-- AIM OF THE TASK --
Restate word for word the part of the material that runs from the line containing "根據(jù)工作需要,依據(jù)公司招" through its final line, inclusive, minus the pictures.

-- WORKING DATA --
<<<<

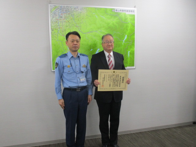 富山南警察署管内の交通死亡事故ゼロの日数が、10月25日(土)午前0時をもって350日を達成したことから、当協会に対し警察本部長感謝状が授与されました。感謝状伝達式は、10月29日(水)午前10時から富山南警察署署長室で行われ、平野富山南警察署長から当協会の稲田協会長に対し感謝状の伝達が行われました。感謝状の伝達を受け、稲田協会長から、「地域住民の皆さんが交通安全に努めて頂いた結果であり、住民の皆さん全員が頂いた感謝状です。これからも交通安全活動の推進に努めて参ります。」との言葉がありました。
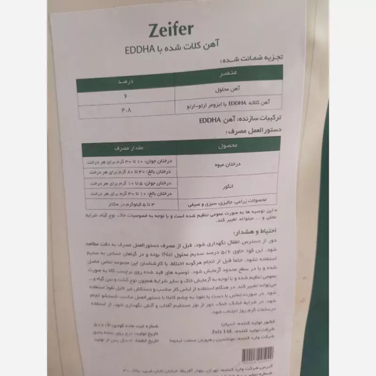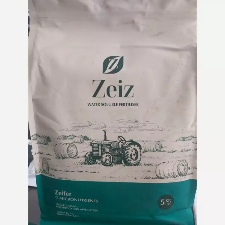 کود آهن زایز انگلستان محصولی با 6 درصد آهن محلول در آب و 4.8 درصد آهن کلاته EDDHA با ایزومر اورتو-اورتو که با جذب سریع توسط گیاه بسیار موثر در رفع کمبود گیاه می باشد.
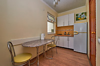 Номер 3-х местный (2 взр+1 реб), общей площадью 18 кв.м., кровать 1,60 х2,00 м, диванчик раздвижной, кухня оборудована необходимыми принадлежностями, кондиционер, тв, холодильник.
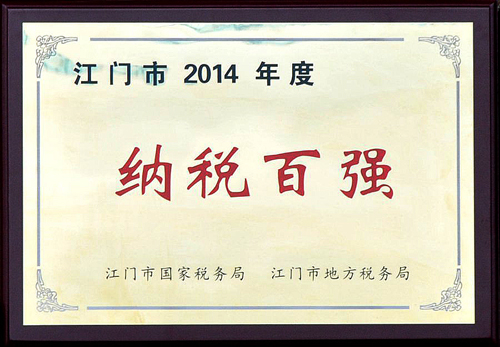 JNS on Top100 Tax Enterprise of Jiangmen City’s list
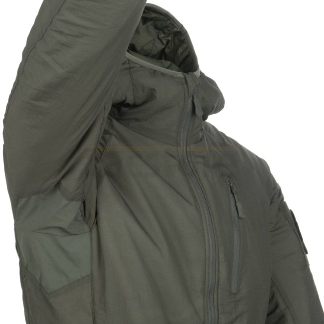 Stay warm and comfortable with the Helikon-Tex Wolfhound Climashield Hoodie in Black. Lightweight, packable design with WindPack nylon outer layer and Climashield Apex padding. Features multiple zippered pockets, adjustable hood, YKK zippers, and loop pan
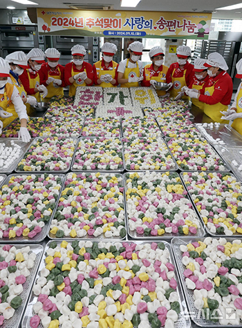 秋夕(チュソク=中秋節、今年は9月17日)を控え、釜山市釜山鎮区の大韓赤十字社釜山支社希望分かち合い奉仕センターで10日、ボランティアメンバーたちが恵まれない隣人たちに配る松餅(ソンピョン)をつくっ..
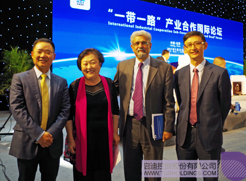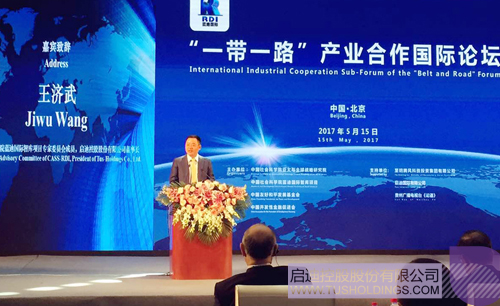 2017年5月15日, “一帶一路”產業合作國際論壇在京舉行。來自產、學、研等領域的專家匯聚一堂,共同探討“一帶一路”沿線國家的產業合作。會議由全國人大常委會委員、外事委員會副主任委員,中國社會科學院藍迪國際智庫項目專家委員會主席趙白鴿主持。啟迪控股董事長王濟武作為中國社會科學院藍迪國際智庫項目專家委員會成員且唯一企業代表,在論壇開幕致辭中發言。來自法國、埃及、印度尼西亞等國的政要和國內知名專家學者參加活動。
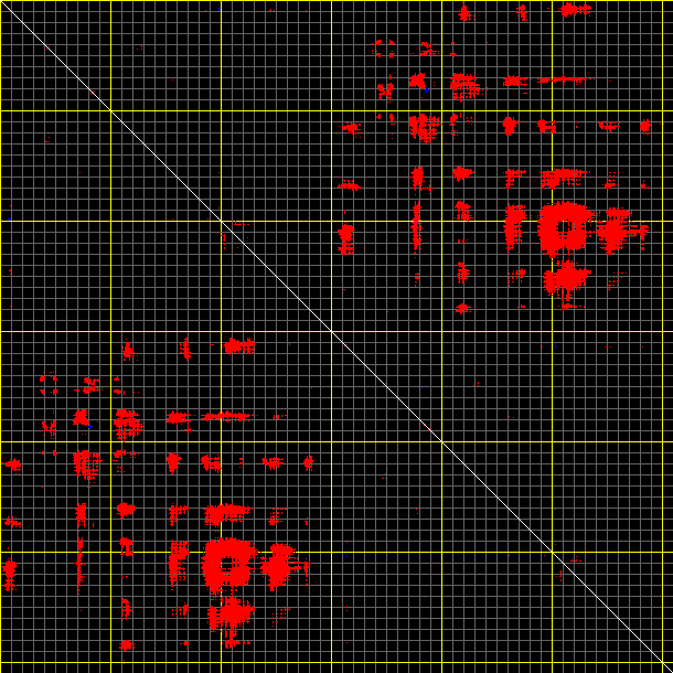 This matrix displays the maximum distance fluctuations between all pairs of CA atoms and between the two extreme conformations that were computed for this mode (DQMIN/DQMAX). Distance increases are plotted in blue and decreases in red for the strongest 10% of the residue pair distance changes. Every pixel corresponds to a single residue. Grey lines are drawn every 10 residues, yellow lines every 100 residues (counting from the upper left corner).
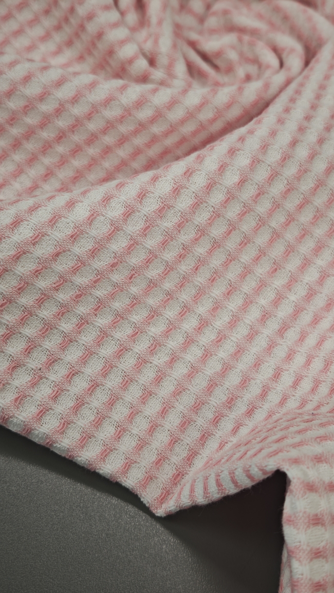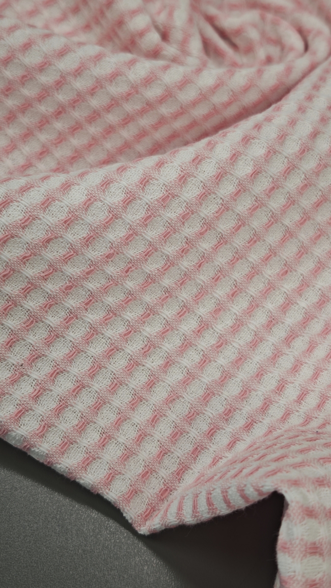 Ova prekrasna tkanina od čistog pamuka kombinira prirodan natur ton s nježno roza satastom površinom koja mu daje diskretan sjaj i osjećaj profinjenosti. Piké struktura osigurava izvrsnu prozračnost i udobnost, zbog čega je idealan izbor za izradu košulja, bluza, haljina, pidžama, posteljine ili laganih dekorativnih dodataka.
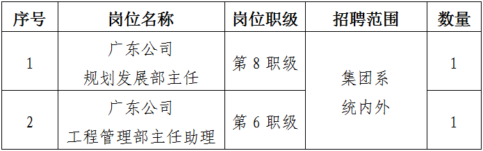 根據(jù)工作需要,依據(jù)公司招聘管理相關(guān)規(guī)定,現(xiàn)對廣東公司(海外公司)規(guī)劃發(fā)展部主任等兩個崗位進行公開招聘。
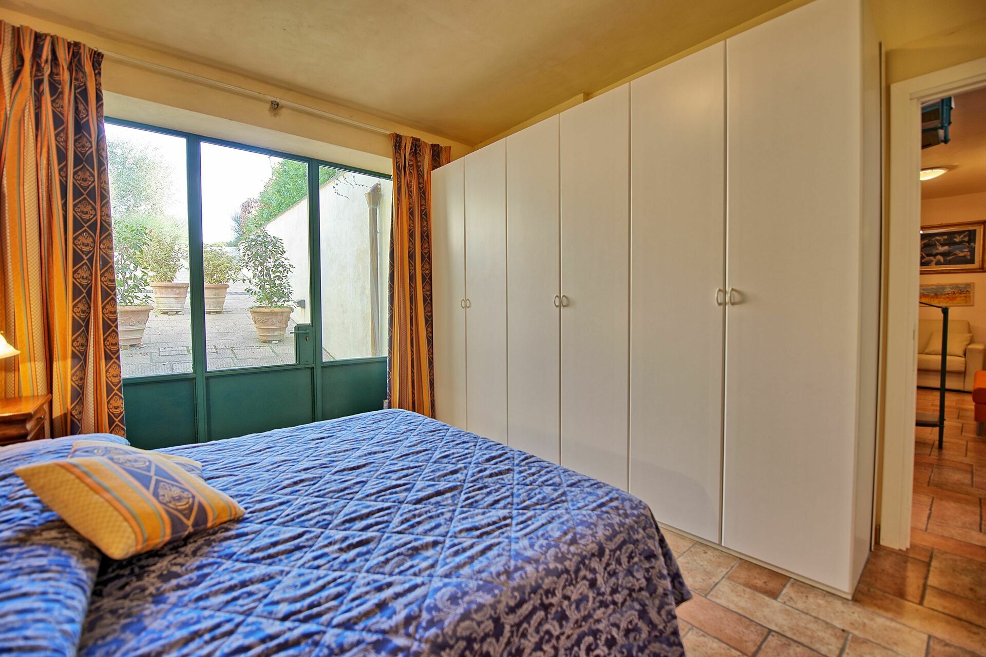 Stue med enkelt sovesofa (€50 pr. uge) og TV, badeværelse med bruser, dobbeltværelse med udgang til det fri
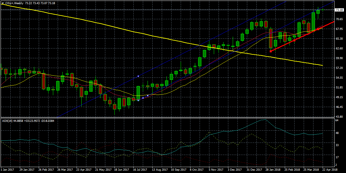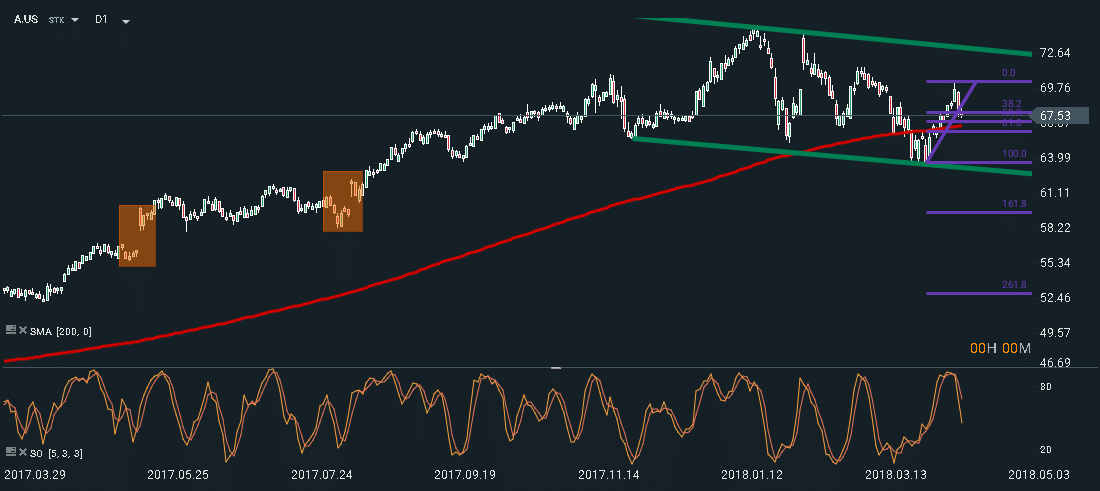 En el corto plazo Agilent Technologies está en tendencia alcista, podemos ver dos gaps alcistas señalados en color naranja en el 23 de mayo del 2017 y 16 de agosto del 2017, los cuales podrían ser gaps de ruptura o de escape para continuar con la tendencia alcista de fondo.

>>>>

-- RESPONSE AREA --
 根據(jù)工作需要,依據(jù)公司招聘管理相關(guān)規(guī)定,現(xiàn)對廣東公司(海外公司)規(guī)劃發(fā)展部主任等兩個崗位進行公開招聘。
 Stue med enkelt sovesofa (€50 pr. uge) og TV, badeværelse med bruser, dobbeltværelse med udgang til det fri
 En el corto plazo Agilent Technologies está en tendencia alcista, podemos ver dos gaps alcistas señalados en color naranja en el 23 de mayo del 2017 y 16 de agosto del 2017, los cuales podrían ser gaps de ruptura o de escape para continuar con la tendencia alcista de fondo.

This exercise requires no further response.